Each line from the one with "在熱帶氣旋過後,一頭重達數噸" through the last line of the material is to be printed exactly; no other line and no picture belongs in the copy.

*DATASET SECTION*.
****************************************

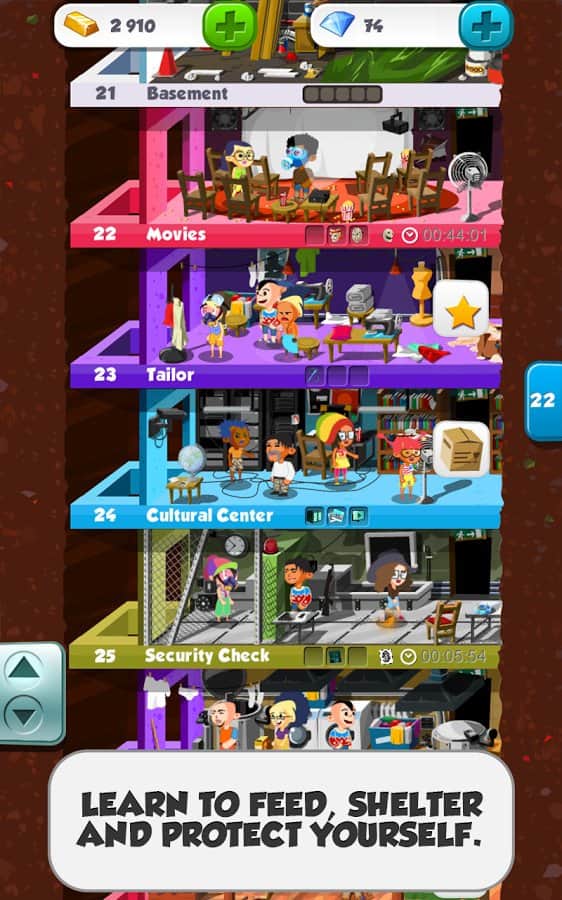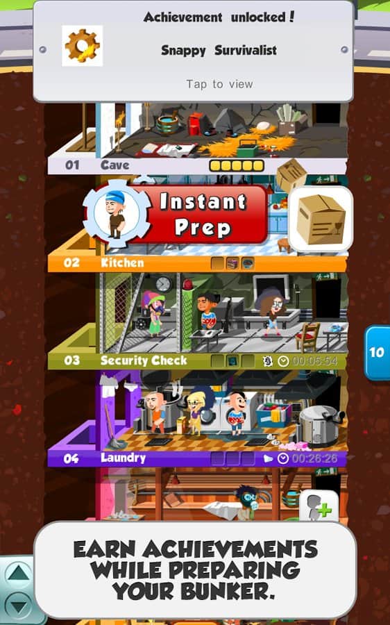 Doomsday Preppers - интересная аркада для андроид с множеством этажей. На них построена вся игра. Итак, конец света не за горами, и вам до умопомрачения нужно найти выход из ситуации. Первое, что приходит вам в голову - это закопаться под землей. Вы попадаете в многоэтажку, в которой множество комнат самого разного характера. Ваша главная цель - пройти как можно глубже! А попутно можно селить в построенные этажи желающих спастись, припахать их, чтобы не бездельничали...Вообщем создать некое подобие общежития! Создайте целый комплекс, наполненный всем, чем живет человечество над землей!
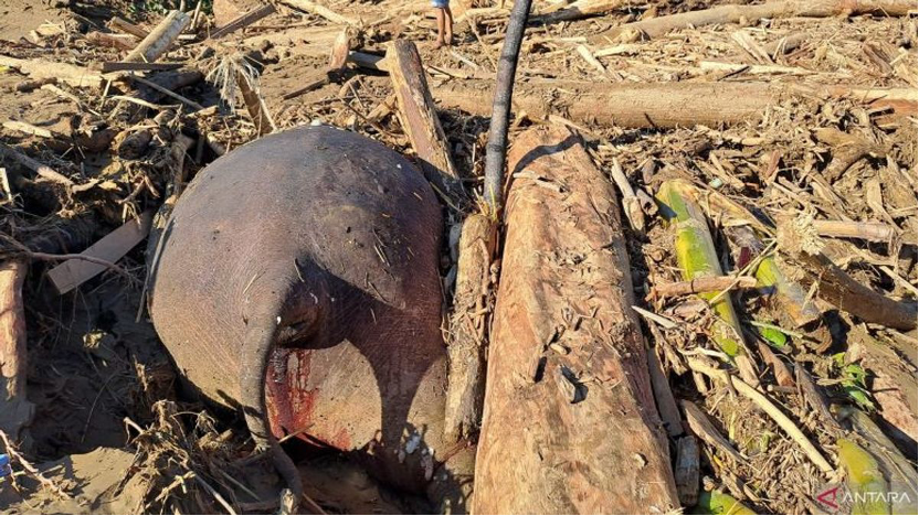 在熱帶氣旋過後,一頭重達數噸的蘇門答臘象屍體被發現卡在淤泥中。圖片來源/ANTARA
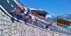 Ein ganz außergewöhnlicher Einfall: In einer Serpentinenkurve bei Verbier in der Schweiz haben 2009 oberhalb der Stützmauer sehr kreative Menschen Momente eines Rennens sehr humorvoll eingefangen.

****************************************

*RESPONSE TO THE TASK*.
 在熱帶氣旋過後,一頭重達數噸的蘇門答臘象屍體被發現卡在淤泥中。圖片來源/ANTARA
 Ein ganz außergewöhnlicher Einfall: In einer Serpentinenkurve bei Verbier in der Schweiz haben 2009 oberhalb der Stützmauer sehr kreative Menschen Momente eines Rennens sehr humorvoll eingefangen.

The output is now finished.